Though written and assembled over more than a decade, there are throughlines existent within Test Time, Chichester returning to themes such as the power and grace that can be found within love, and the corrupting social and political forces against which these fragile human bonds can provide a degree of comfort. Witness the album-opening “D4,” which registers as something of a dance party at the end of the world, Chichester surveying his broken surroundings but refusing to let these fractures spread within. “You can’t make me feel my hope is gone,” he sings.
Chichester credited this innate pull toward the light to a genetically instilled optimism, joking that while he was born Harold Chichester – a name he shared with his grandfather – his parents began calling him Happy on the first day of his life. “I think it’s just in my nature to try and find some joy,” he said. “And I sort of feel that should be the purpose of life.

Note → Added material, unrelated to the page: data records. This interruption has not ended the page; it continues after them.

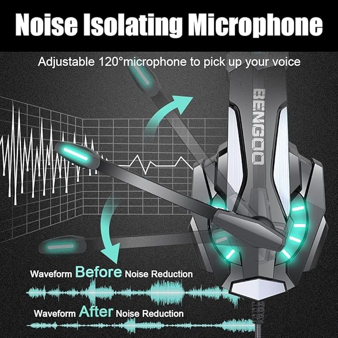 BENGOO G9000 Stereo Gaming Headset for PS4 PC Xbox One PS5 Controller, Noise Cancelling Over Ear Headphones with Mic, LED Light, Bass Surround, Soft Memory Earmuffs for Laptop Mac - Black
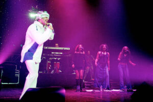 Also convincing those with tuned ears was bassist Fyffe, who replaced the inimitable virtuoso Stuart Zender in 1999’s Synkronized and subsequent tours to mixed reviews. His fluid lines and enormous, warm bottom end allowed McKenzie to drive the grooves home with a relentless bass drum and rapid-fire snare and tom rips. Percussionist Sola Akembala complemented the organic-electro grooves with subtle yet tasty additions, and DJ DZire, along with a second keyboard player (whose name I lost in Jay’s nervous British mumble) layered the sounds and samples accordingly. The normally audible and visible Toby Smith was kind of a background factor, which was disappointing; so was the absence of the three horn players and didgeridoo master Wallis Buchanan. The didg and brass were mainstays through Jamiroquai’s career thus far, but were replaced by three female backup singers, enhancing the house-disco-soul vibe but somewhat derailing the funk factor.
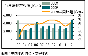 2009年我國(guó)完成房地產(chǎn)開發(fā)投資36,231.71億元,比上年增長(zhǎng)16.1%,增速比1~11 月回落1.7 個(gè)百分點(diǎn)。12 月當(dāng)月房地產(chǎn)投資完成4,960.79億元,同比增長(zhǎng)22.97%。
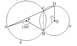 If ∠APB = 150° and ∠BQD = x°, find the value of x.
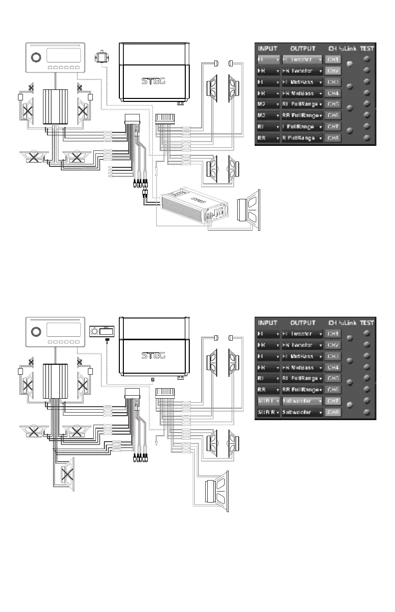 components and rear full-range speakers. For adding a subwoofer amplifier, the CH5/6 preouts may be
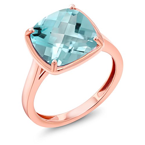 -. Title : 4.65 Ct Cushion Checkerboard Sky Blue Topaz 14K Rose Gold Ring
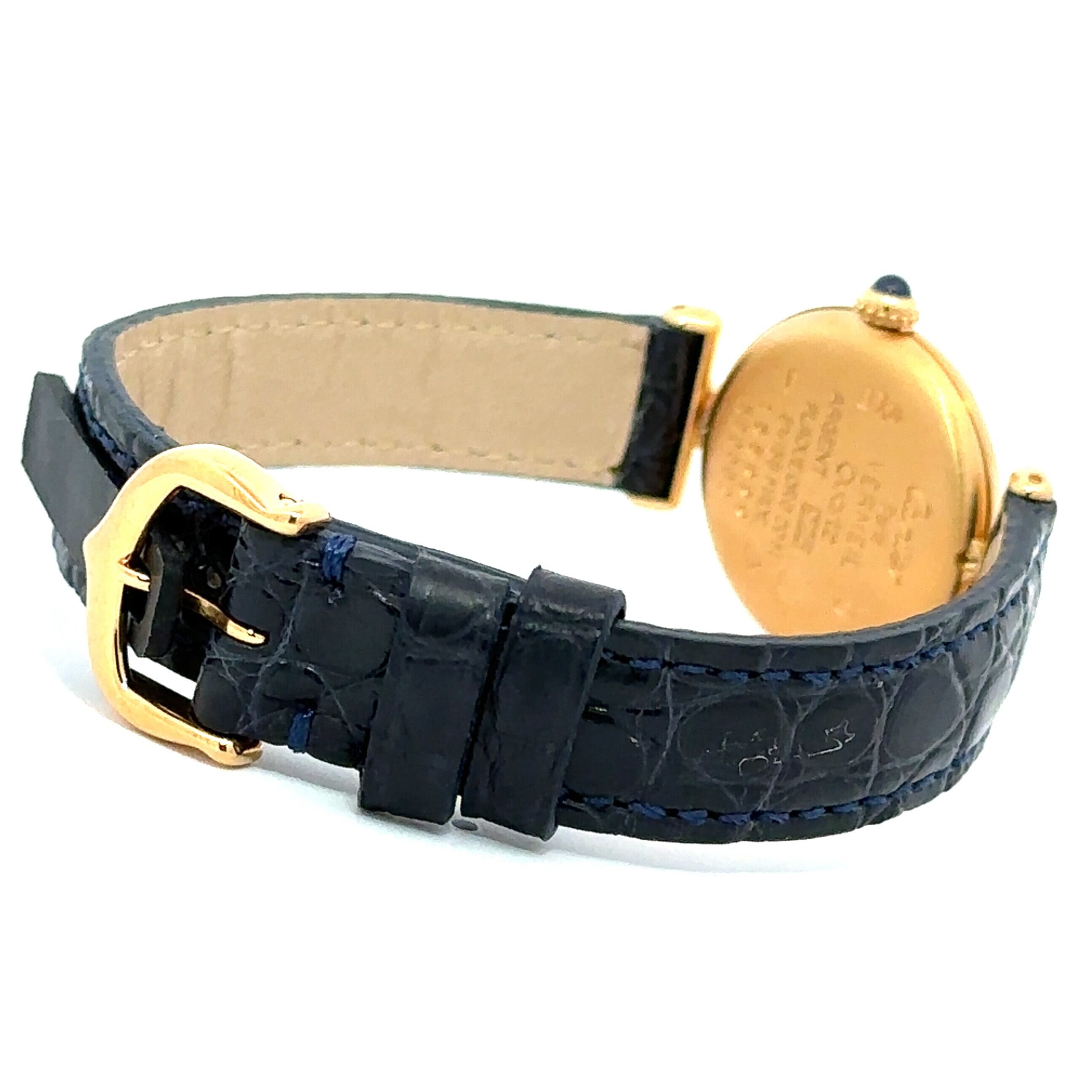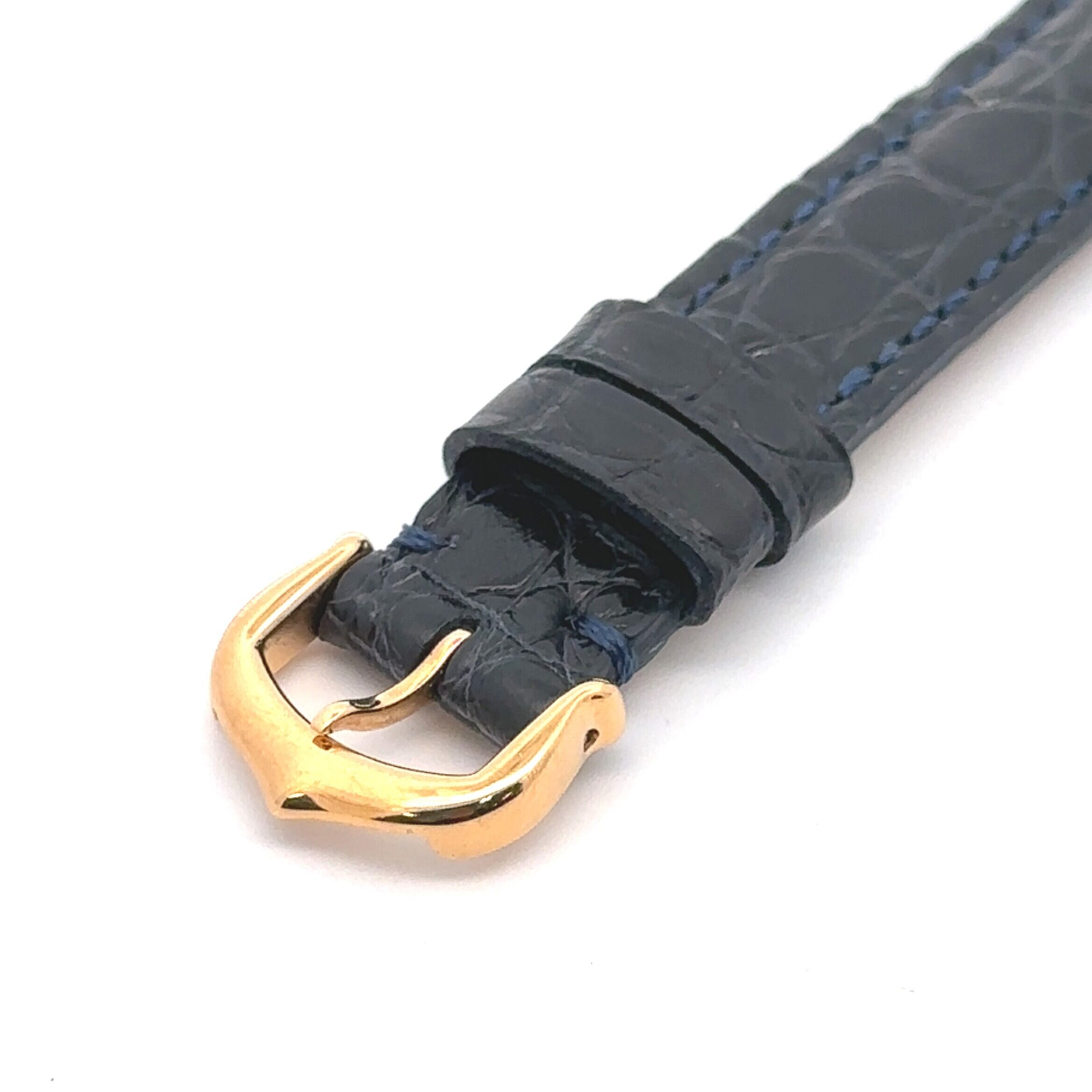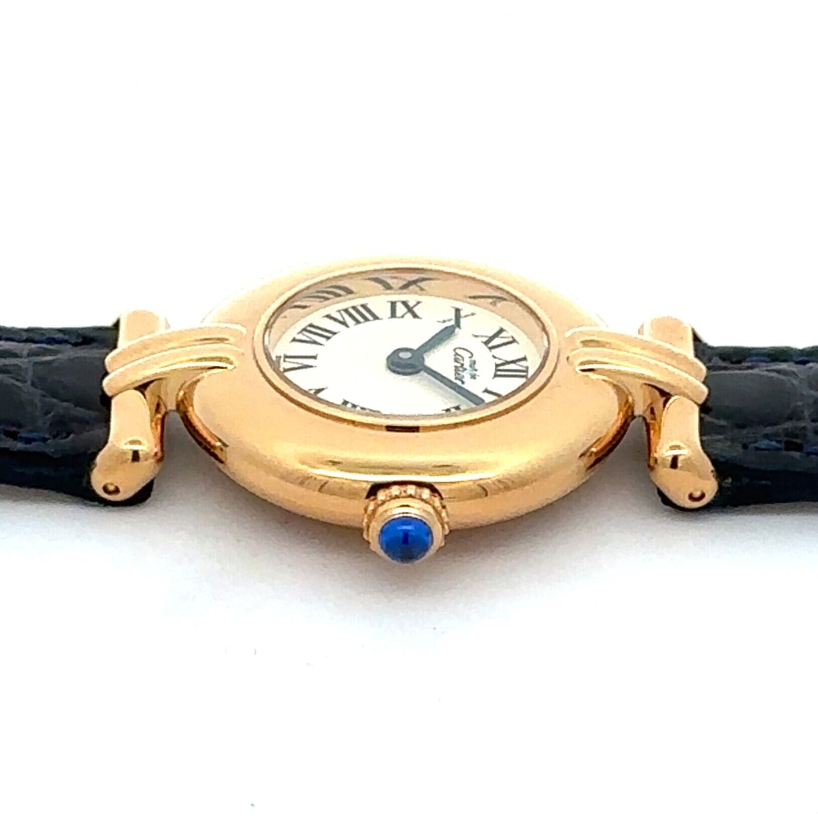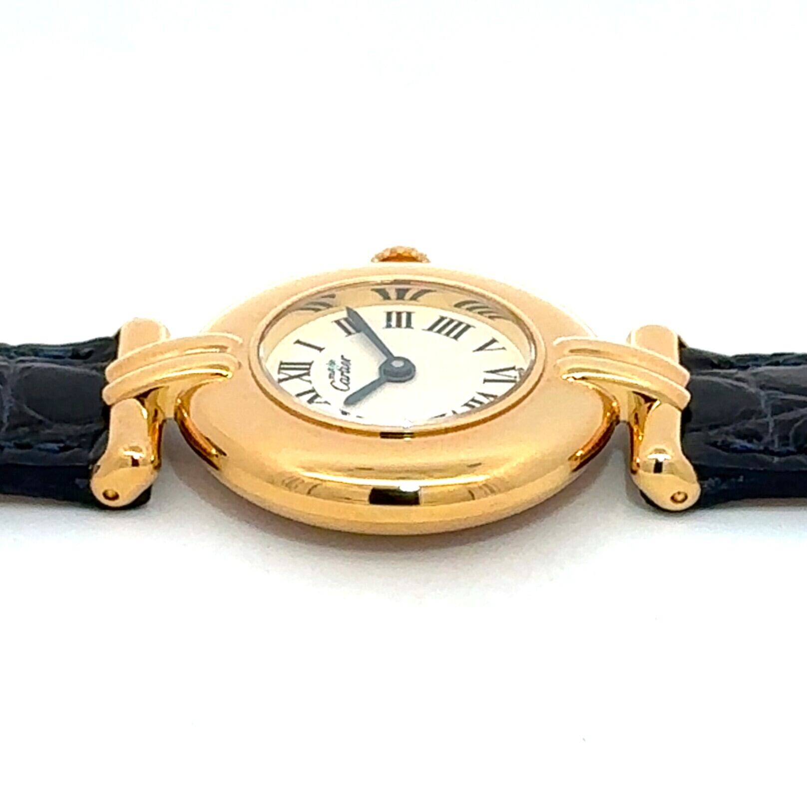 カルティエ マストコリゼは、丸みのある小ぶりなケースとローマ数字の文字盤が印象的なアンティークウォッチです。ゴールドカラーのケースに、落ち着いたネイビーカラーのレザーベルトが組み合わさり、上品ながらも気負わず使える一本。アンティーク時計が初めての方でも、アクセサリー感覚で取り入れやすいデザインです。

It can’t all be toil.”
Not that the musician is in any way ignorant of the world’s horrors, which exert their presence on songs such as “Shadowland” (“Stop voting for man that expects support for his abuse,” goes one line) and especially “Knocking at the Door,” an unfiltered expression of disgust that Chichester penned more than a decade ago alongside the late Shawn Smith. “It angers me to see/Such fools to fall for such fools as these,” he sings, a few beats later adding, “Now they’re pumping their fists in victory/Engineering economic slavery/Betting on greed and Jesus.”
“And it’s interesting, because those words were written in 2014, they’ve become more affirmed by the state of the world. And I really don’t want to gloat, because it’s heartbreaking,” Chichester said. “I don’t want to sound melodramatic, but I really feel like in many ways, by 2020 and 2021, our country had been traumatized, whether people know it or not. And our sense of reality has been so warped and fun-house-mirrored that … it can create this trauma, and it can create nihilistic and despondent feelings. And I’ve always been drawn to artists who take a moment to actually look that awful reality in the eye … and then give us something that helps us. And that could be either a sense of solidarity or comfort in some form. Or maybe it’s just something that makes you get up and shake your ass on the dance floor.”